J Clin Oncol. 2007 Aug 10;25(23):3428-36. doi: 10.1200/JCO.2007.11.4918.

Abstract

Purpose: Many studies have reported body mass index (BMI) increases the risk of breast cancer recurrence and breast cancer-specific mortality. Few studies have reported or examined whether breast cancer treatment differs by BMI. The purpose of this study was to examine the association between BMI at breast cancer diagnosis and receipt of appropriate primary tumor therapy and adjuvant therapy.

Methods: We identified 897 women age >or= 65 years diagnosed with stage I or II breast cancer from 1990 to 1999 at five health care organizations. We used medical records to confirm demographics, tumor characteristics, treatment, comorbid conditions, and to calculate BMI at diagnosis (< 25 kg/m(2), n = 328; 25 to < 30 kg/m(2), n = 305; 30 to < 35 kg/m(2), n = 188; >or= 35 kg/m(2), n = 76). We defined primary therapy based on National Guidelines as receiving breast-conserving surgery with radiation therapy and axillary node dissection, simple mastectomy with axillary node dissection, or modified radical mastectomy (73% overall); adjuvant therapy was defined as receipt of hormonal therapy, chemotherapy, or both (60% overall).

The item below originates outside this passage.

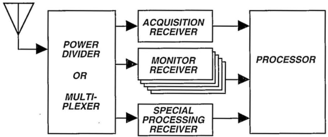 另一种常见做法是使用一台特殊处理接收机——通常比其他接收机更复杂——为几个监视接收机正在处理的信号提供额外信息。

Results: The median BMI was 26.7 kg/m(2) (range, 14.6 to 61.2). The proportion of women receiving primary therapy and adjuvant therapy was lowest for women less than 25 kg/m(2) (69% and 56%, respectively) and greatest for obese I (78% and 64%, respectively). There were no differences in receipt of primary or adjuvant treatment across BMI in univariate or multivariable models (after adjusting for age, stage, comorbidity, diagnosis year, and hormone receptor positivity).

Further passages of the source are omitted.